Insight

ETF Snapshot

ETF Snapshot

Key takeaways – US ETF Industry

  • November saw strong ETF net flows of $162 billion, with a significant shift towards risk-on assets like US equities, bitcoin, and shorter-dated high yield. Equity ETF flows were driven by S&P 500 tracking ETFs and large growth ETFs.
  • The S&P 500 Equal Weight strategy is gaining traction as a solution to concentration risk in the S&P 500, which has reached multi-decade highs, with investors favoring its equal weight approach amid concerns over market concentration, valuations, and potential mean reversion.
  • Following the US election, the market anticipates less regulation and growth, which may benefit smaller companies and riskier assets like senior loans. Increased inflation expectations are creating uncertainty for long-duration assets and boosting demand for senior loans.
  • Bitcoin's adoption has continued from the launch of Bitcoin US ETPs in January 2024, making it more accessible to investors and now Trump's recent crypto-friendly proposals, including nominating Paul Atkins as SEC chair and creating a new position for AI and crypto. These events have further pointed towards Bitcoin's integration into society. In November crypto ETPs received $8B in net flows. 
  • With more wars occurring now than since the end of the Cold War, global defense spending is expected to rise, benefiting both traditional and non-traditional defense sectors like cybersecurity. The US FY 2025 budget reflects this shift, allocating significant funds to emerging technologies, while Trump proposes increased NATO defense spending, highlighting the need for robust defense strategies amidst global instability.

November US ETF Industry Flow Trends

November was a strong month for ETFs with $162B in net flows, an increase of $41B from last month’s $121B. ETF flows pivoted towards risk on with US equities, bitcoin, and shorter-dated high yield leading the way. Prior to November, investment grade, longer-dated segments within fixed income dominated flows.

Equity

Equity ETFs garnered $122 billion, accounting for 75% of total flows—a notable increase from their 61% year-to-date share. Leading the charge were S&P 500 tracking ETFs, which attracted $38 billion in net flows, representing nearly a third of equity activity and significantly surpassing their 23% share of equity assets. Large growth ETFs saw $21 billion in net flows, fueled by enthusiasm for the US economy and AI. Reflecting the positive economic outlook, ETFs targeting smaller capitalizations gained traction, with small-cap ETFs receiving $9.8 billion and S&P 500 Equal Weight ETFs drawing $3.9 billion in net flows. Conversely, ETFs focused on China ($4.8 billion) and Europe ($2.0 billion) experienced the highest equity outflows in November.

Fixed Income

This month, fixed income ETFs continued their growth, capturing 18% of flows (+$29 billion), slightly above their 17% market share. However, with a shift towards risk-on assets, these flows were significantly lower than the year-to-date trend of 27% of inflows. November's fixed income flows were heavily skewed towards below investment grade exposure and shorter-dated maturities, reflecting investors anticipation of fewer Fed rate cuts and the potential for higher inflation. Ultrashort ETFs led inflows, attracting $7.1 billion in net flows, accounting for a quarter of the asset class's flows—nearly double their market share. Bank loan ETFs, being below investment grade and low duration, impressively drew $3.5 billion in inflows, nine times their market share, Invesco’s ETF led in the space. Conversely, long government ETFs experienced the highest outflows, with $5.5 billion in net redemptions.

Alternatives

Alternative flows were dominated by crypto ETPs, which amassed $8 billion in flows during the month. Bitcoin has seen a surge in interest since President-elect Trump's victory, briefly crossing the $100,000 mark in early December. The new administration's support for cryptocurrencies, coupled with a favorable economic outlook, has provided a significant boost to the sector. 

 

Investment Risks

The value of investments and any income will fluctuate (this may partly be the result of exchange rate fluctuations) and investors may not get back the full amount invested.

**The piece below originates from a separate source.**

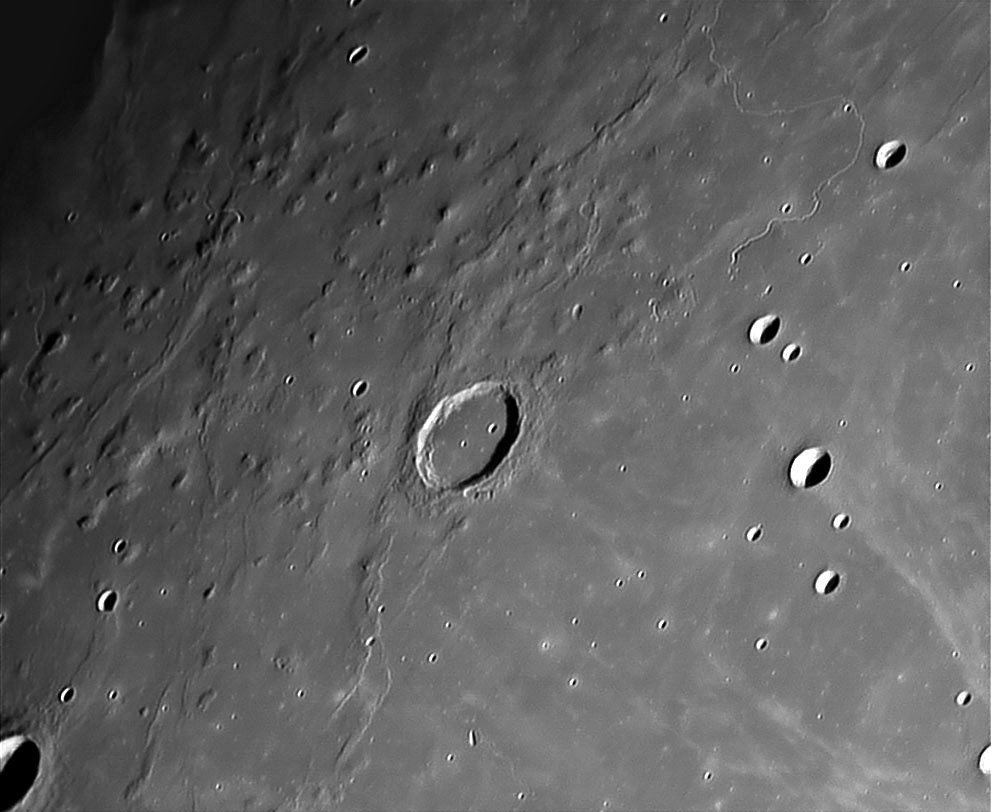 Lỗ thủng có tên Hills Marius (giữa ảnh) trên bề mặt Mặt trăng. |
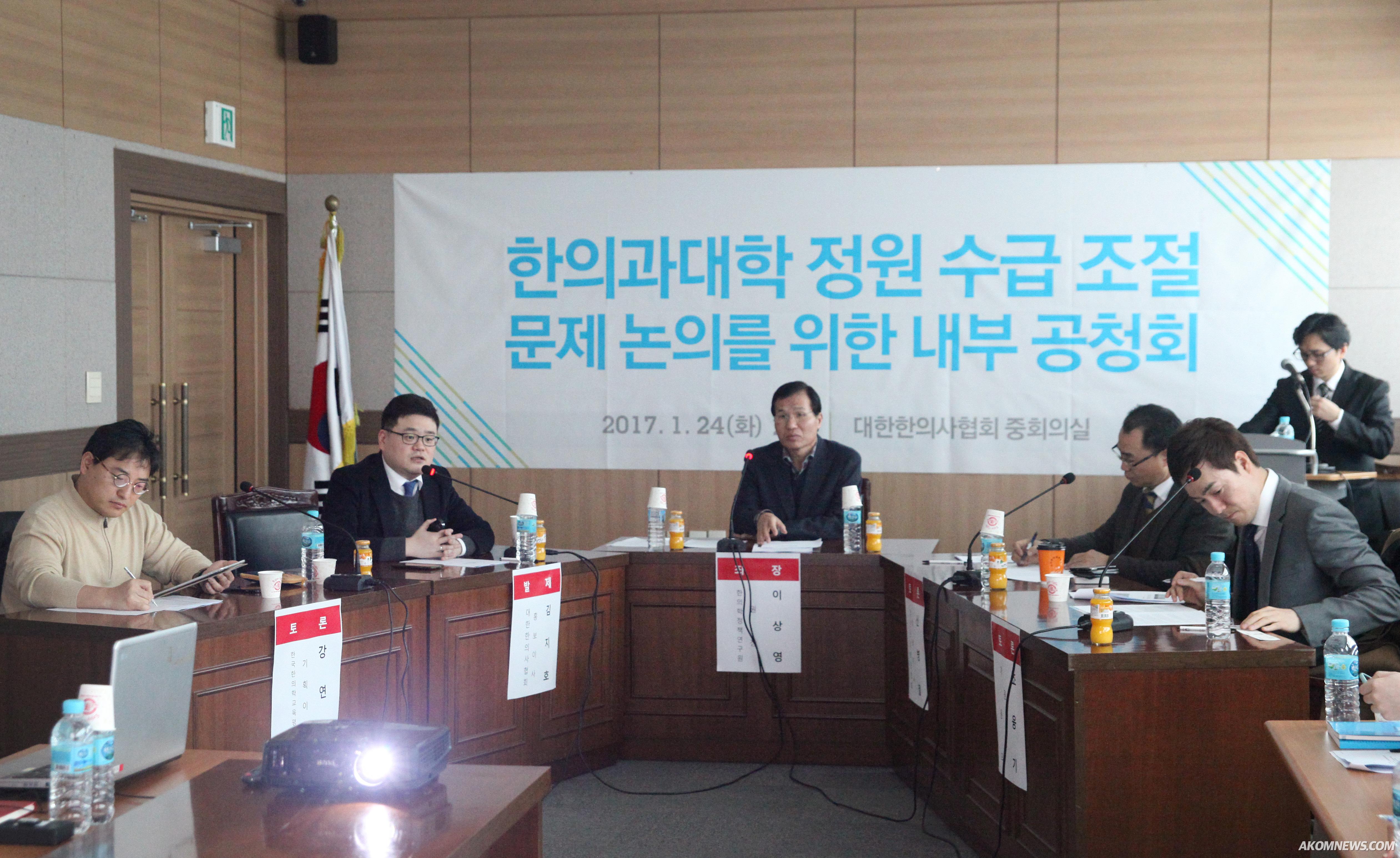 지난 24일 대한한의사협회 중회의실에서 ‘한의과대학 정원수급 조절 문제 논의를 위한 내부 공청회’가 열리고 있다.

Fixed-income investments are subject to credit risk of the issuer and the effects of changing interest rates. Interest rate risk refers to the risk that bond prices generally fall as interest rates rise and vice versa. An issuer may be unable to meet interest and/or principal payments, thereby causing its instruments to decrease in value and lowering the issuer’s credit rating.

Commodities may subject an investor to greater volatility than traditional securities such as stocks and bonds and can fluctuate significantly based on weather, political, tax, and other regulatory and market developments.

There are risks involved with investing in ETFs, including possible loss of money. Shares are not actively managed and are subject to risks similar to those of stocks, including those regarding short selling and margin maintenance requirements. Ordinary brokerage commissions apply.

There are specific risks involved with investing in cryptocurrencies exchange-traded products. Investing in cryptocurrencies is high risk. Cryptocurrencies do not have any intrinsic value and may become worthless. Cryptocurrencies are subject to extreme price volatility and the price of cryptocurrency can be affected by factors such as global or regional political conditions and regulatory or judicial events.